MATERIAL PROVIDED:
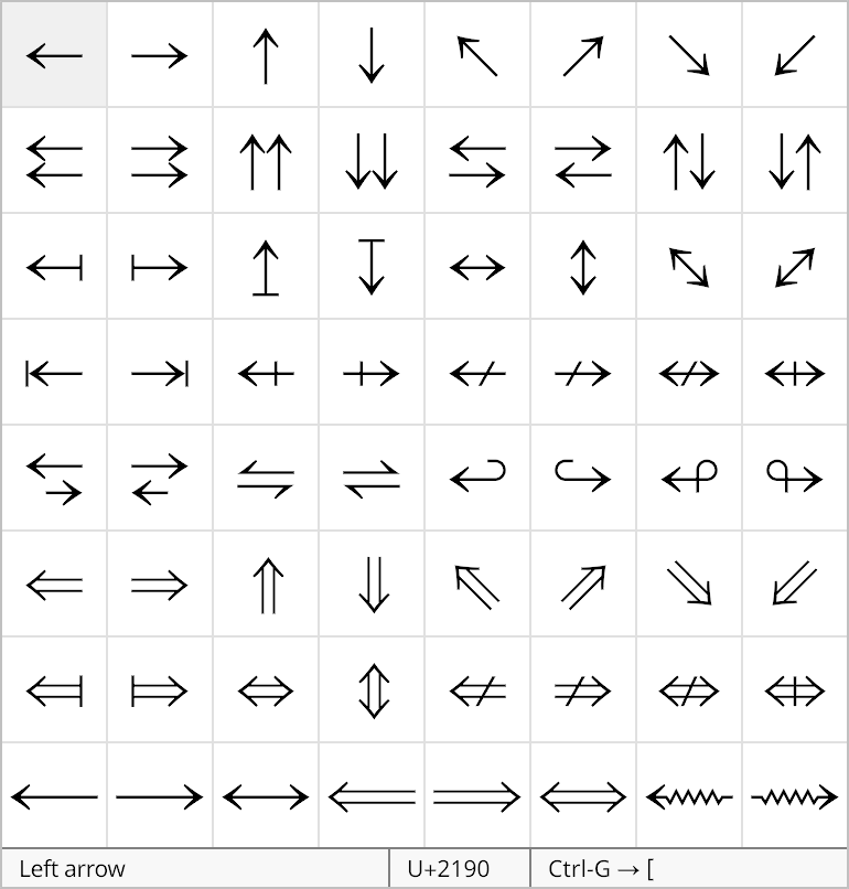 This palette contains a variety of arrow symbols corresponding to Unicode characters. Larger stretchable arrows with optional labels are found in the Big Arrows palette below.
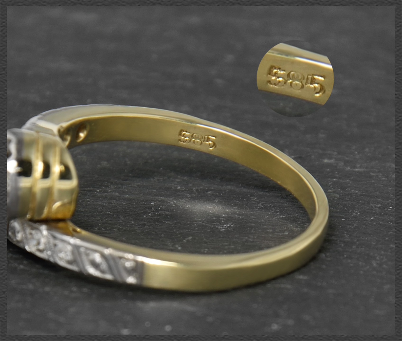 Zentral im Ring sind versetzt zwei größere Diamanten eingefasst, ein Antiker Altschliff Brillant mit 0,60ct und ein lupenreiner Brillant mit 0,30ct, seitlich zieren kleinere Diamanten den Ring. Der Begiff "toi et moi" spielt darauf an, dass die etwa gleich großen Diamanten zwei Liebende darstellen.
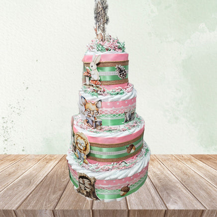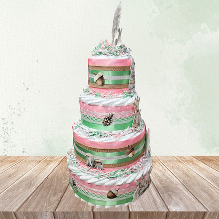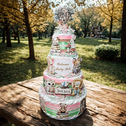 Storybook themed diaper cake centerpiece for a girl baby shower. Diaper cake can be used as a main table centerpiece and gift to the parents-to-be. All the diapers are fully usable. The cutouts can be gently removed and used as decor for baby's room.
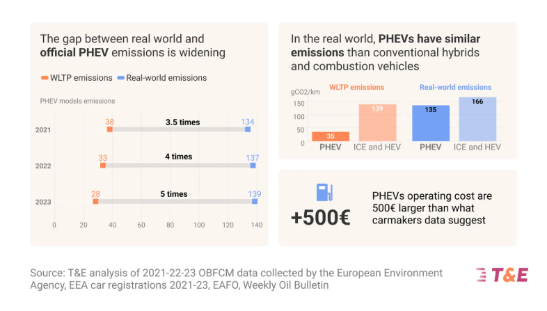 Ωστόσο, σύμφωνα με την μη κερδοσκοπική οργάνωση Transport and Environment (T&E), τα PHEVs εκπέμπουν στην πράξη μόλις 19% λιγότερο CO₂ από τα συμβατικά βενζινοκίνητα και πετρελαιοκίνητα αυτοκίνητα — αντί για 75% λιγότερο, όπως δείχνουν οι εργαστηριακές μετρήσεις.
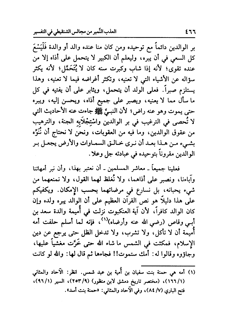فعلينا جميعاً معاشر المسلمين أن نعتبر بهذا، وأن نبر أمهاتنا وآباءنا، ونصبر على أذاهما، ولا نُغلظ لهما القول، ولا نمنعهما من شيء يحبانه، بل نسارع في مرضاتهما بحسب الإمكان، ويكفيكم على هذا دليلاً هو نص القرآن العظيم على أن الوالد يبره ولده وإن كان الوالد كافراً؛ لأن آية العنكبوت نزلت في أُميمة والدة سعد بن أبي وقاص (رضي الله عنه وأرضاه) (¬١)، فإنه لما أسلم حلفت أمه أُميمة أن لا تأكل، ولا تشرب، ولا تدخل الظل حتى يرجع عن دين الإسلام، فَمَكَثَتْ في الشمس ما شاء الله حتى خَرَّت مغشيّاً عليها، وجاءوه وقالوا له: أمك ستموت! فجاءها ثم قال لها: والله لو كانت
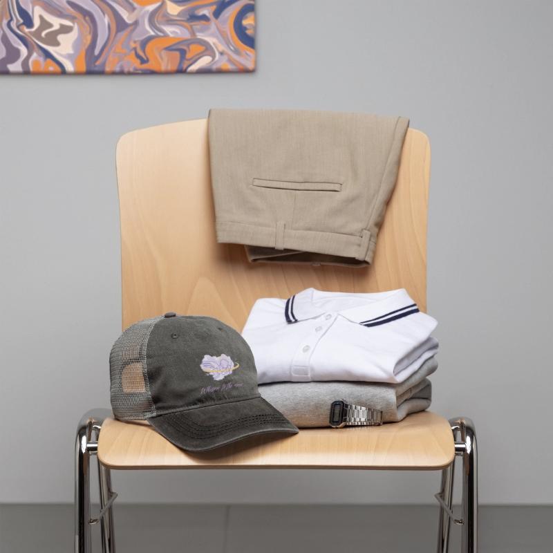 Introducing the Pigment Dyed Trucker Hat, a stylish and durable addition to any casual wardrobe. This cap features a self-fabric front panel lining, ensuring a comfortable fit and enhanced durability. The front panel is also adorned with two sewn eyelets, adding a touch of classic style while improving breathability. The cap includes a plastic snap back closure, allowing you to easily adjust it for the perfect fit. With its unique pigment-dyed finish, this trucker cap offers a cool, vintage look that pairs well with any outfit, perfect for sunny days out or casual wear.

PROBLEM:
Write the records out again in full, exactly, and skip every picture.

RESULT:
 This palette contains a variety of arrow symbols corresponding to Unicode characters. Larger stretchable arrows with optional labels are found in the Big Arrows palette below.
 Zentral im Ring sind versetzt zwei größere Diamanten eingefasst, ein Antiker Altschliff Brillant mit 0,60ct und ein lupenreiner Brillant mit 0,30ct, seitlich zieren kleinere Diamanten den Ring. Der Begiff "toi et moi" spielt darauf an, dass die etwa gleich großen Diamanten zwei Liebende darstellen.
 Storybook themed diaper cake centerpiece for a girl baby shower. Diaper cake can be used as a main table centerpiece and gift to the parents-to-be. All the diapers are fully usable. The cutouts can be gently removed and used as decor for baby's room.
 Ωστόσο, σύμφωνα με την μη κερδοσκοπική οργάνωση Transport and Environment (T&E), τα PHEVs εκπέμπουν στην πράξη μόλις 19% λιγότερο CO₂ από τα συμβατικά βενζινοκίνητα και πετρελαιοκίνητα αυτοκίνητα — αντί για 75% λιγότερο, όπως δείχνουν οι εργαστηριακές μετρήσεις.
فعلينا جميعاً معاشر المسلمين أن نعتبر بهذا، وأن نبر أمهاتنا وآباءنا، ونصبر على أذاهما، ولا نُغلظ لهما القول، ولا نمنعهما من شيء يحبانه، بل نسارع في مرضاتهما بحسب الإمكان، ويكفيكم على هذا دليلاً هو نص القرآن العظيم على أن الوالد يبره ولده وإن كان الوالد كافراً؛ لأن آية العنكبوت نزلت في أُميمة والدة سعد بن أبي وقاص (رضي الله عنه وأرضاه) (¬١)، فإنه لما أسلم حلفت أمه أُميمة أن لا تأكل، ولا تشرب، ولا تدخل الظل حتى يرجع عن دين الإسلام، فَمَكَثَتْ في الشمس ما شاء الله حتى خَرَّت مغشيّاً عليها، وجاءوه وقالوا له: أمك ستموت! فجاءها ثم قال لها: والله لو كانت
 Introducing the Pigment Dyed Trucker Hat, a stylish and durable addition to any casual wardrobe. This cap features a self-fabric front panel lining, ensuring a comfortable fit and enhanced durability. The front panel is also adorned with two sewn eyelets, adding a touch of classic style while improving breathability. The cap includes a plastic snap back closure, allowing you to easily adjust it for the perfect fit. With its unique pigment-dyed finish, this trucker cap offers a cool, vintage look that pairs well with any outfit, perfect for sunny days out or casual wear.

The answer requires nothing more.